(Beginning of Data)
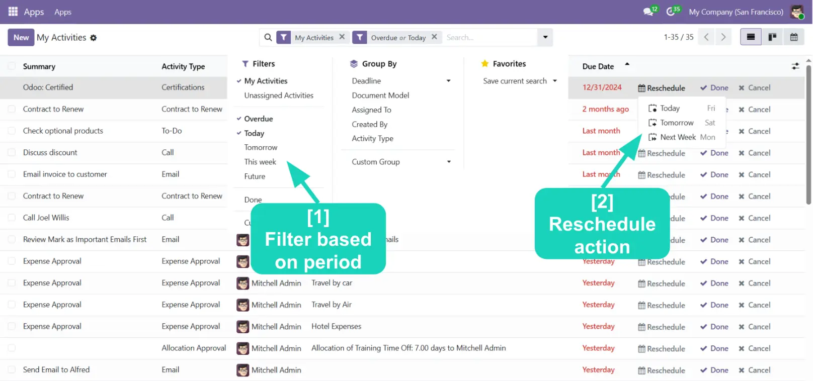 - [2] use the quick action to Reschedule to "Today", "Tomorrow", or "Next Week", giving users more control and making managing activities much easier.
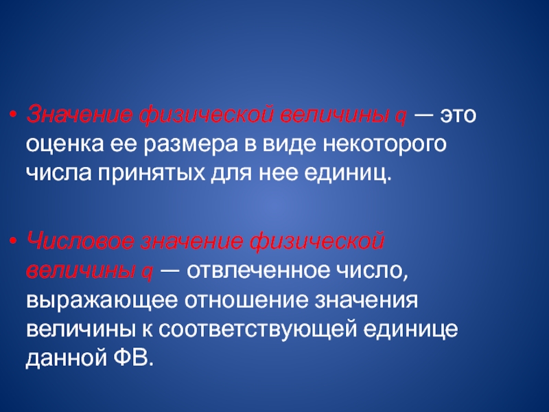 Слайд 13Значение физической величины q — это оценка ее размера в
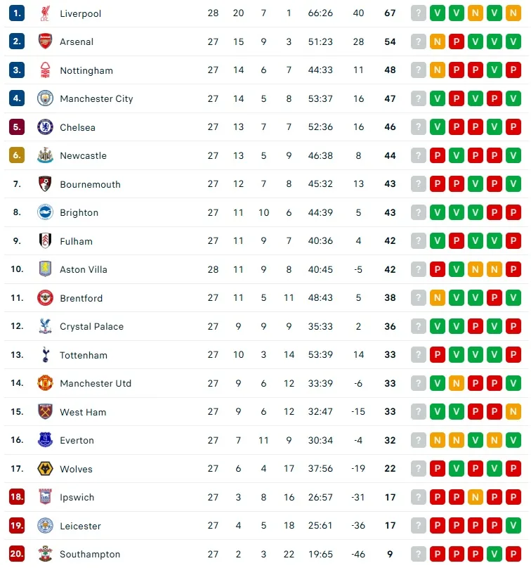 Il City è attualmente quarto in classifica, tallonato da un Chelsea in ripresa e con il Forest che precede di un solo punto. La squadra di Nuno Espírito Santo, che a dicembre sembrava lanciata verso un clamoroso piazzamento europeo con sei vittorie consecutive, ha poi rallentato il passo vincendo solo due delle ultime sette gare.
(End of Data)
* Problem to solve
Please retype the material in full, exactly as it reads, apart from the images.

* Response
 - [2] use the quick action to Reschedule to "Today", "Tomorrow", or "Next Week", giving users more control and making managing activities much easier.
 Слайд 13Значение физической величины q — это оценка ее размера в
 Il City è attualmente quarto in classifica, tallonato da un Chelsea in ripresa e con il Forest che precede di un solo punto. La squadra di Nuno Espírito Santo, che a dicembre sembrava lanciata verso un clamoroso piazzamento europeo con sei vittorie consecutive, ha poi rallentato il passo vincendo solo due delle ultime sette gare.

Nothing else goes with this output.